From mboxrd@z Thu Jan  1 00:00:00 1970
From: Nick Piggin <nickpiggin@yahoo.com.au>
Date: Tue, 18 Jan 2005 23:34:30 +0000
Subject: Re: pipe performance regression on ia64
Message-Id: <41ED9D06.1070301@yahoo.com.au>
List-Id: <linux-ia64.vger.kernel.org>
References: <200501181741.j0IHfGf30058@unix-os.sc.intel.com> <Pine.LNX.4.58.0501180951050.8178@ppc970.osdl.org>
In-Reply-To: <Pine.LNX.4.58.0501180951050.8178@ppc970.osdl.org>
MIME-Version: 1.0
Content-Type: text/plain; charset="us-ascii"
Content-Transfer-Encoding: 7bit
To: Linus Torvalds <torvalds@osdl.org>
Cc: "Luck, Tony" <tony.luck@intel.com>, linux-ia64@vger.kernel.org, linux-kernel@vger.kernel.org

Linus Torvalds wrote:
> 
> On Tue, 18 Jan 2005, Luck, Tony wrote:
> 
>>David Mosberger:
>>
>>>So, when we run bw_pipe on a low load SMP machine, the kernel running in
>>>a way load balancer always trying to spread out 2 processes while the
>>>wake_up_interruptible_sync() is always trying to draw them back into
>>>1 cpu.
>>>
>>>Linus's patch will reduce the change to call wake_up_interruptible_sync()
>>>a lot.
>>>
>>>For bw_pipe writer or reader, the buffer size is 64k.  In a 16k page
>>>kernel.
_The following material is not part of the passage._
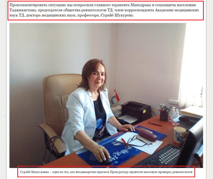 21-уми августи соли ҷорӣ дар сомонаи рамзии «Медуза» маводе таҳти унвони «Лечение суставов дорогими пустышками: ревматологи 12 лет обманывают пациентов по всему Таджикистану» нашр гардид (бойгонӣ).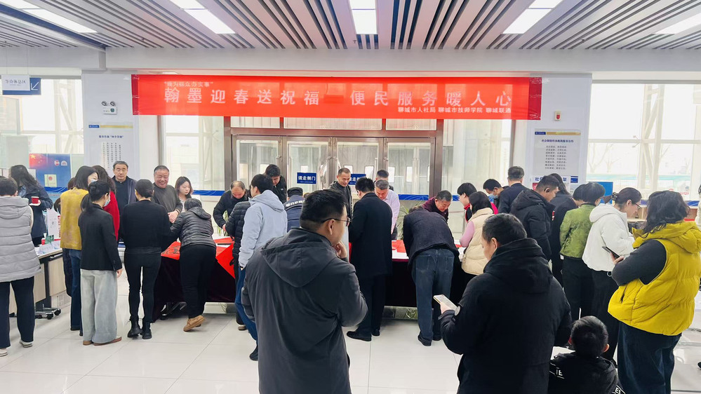 新春将至,年味渐浓。为弘扬中华优秀传统文化,丰富群众精神文化生活,学院工会精心组织学院书法协会骨干教师,先后走进聊城市人社局政务服务大厅、傅斯年陈列馆、金柱东苑小区,开展“迎新春、写春联、送万福”系列公益活动。

The old kernel will call wake_up_interruptible_sync 4 times but
>>>the new kernel will call wakeup only 1 time.
> 
> 
> Yes, it will depend on the buffer size, and on whether the writer actually 
> does any _work_ to fill it, or just writes it.
> 
> The thing is, in real life, the "wake_up()" tends to be preferable, 
> because even though we are totally synchronized on the pipe semaphore 
> (which is a locking issue in itself that might be worth looking into), 
> most real loads will actually do something to _generate_ the write data in 
> the first place, and thus you actually want to spread the load out over 
> CPU's.
> 
> The lmbench pipe benchmark is kind of special, since the writer literally 
> does nothing but write and the reader does nothing but read, so there is 
> nothing to parallellize.
> 
> The "wake_up_sync()" hack only helps for the special case where we know 
> the writer is going to write more. Of course, we could make the pipe code 
> use that "synchronous" write unconditionally, and benchmarks would look 
> better, but I suspect it would hurt real life.
> 
> The _normal_ use of a pipe, after all, is having a writer that does real
> work to generate the data (like 'cc1'), and a sink that actually does real
> work with it (like 'as'), and having less synchronization is a _good_ 
> thing.
> 
> I don't know how to make the benchmark look repeatable and good, though.  
> The CPU affinity thing may be the right thing.
> 

Regarding scheduler balancing behaviour:

The problem could also be magnified in recent -bk kernels by the
"wake up to an idle CPU" code in sched.c:try_to_wake_up(). To turn
this off, remove SD_WAKE_IDLE from include/linux/topology.h:SD_CPU_INIT
and include/asm/topology.h:SD_NODE_INIT

David I remember you reporting a pipe bandwidth regression, and I had
a patch for it, but that hurt other workloads, so I don't think we
ever really got anywhere. I've recently begun having another look at
the multiprocessor balancer, so hopefully I can get a bit further with
it this time.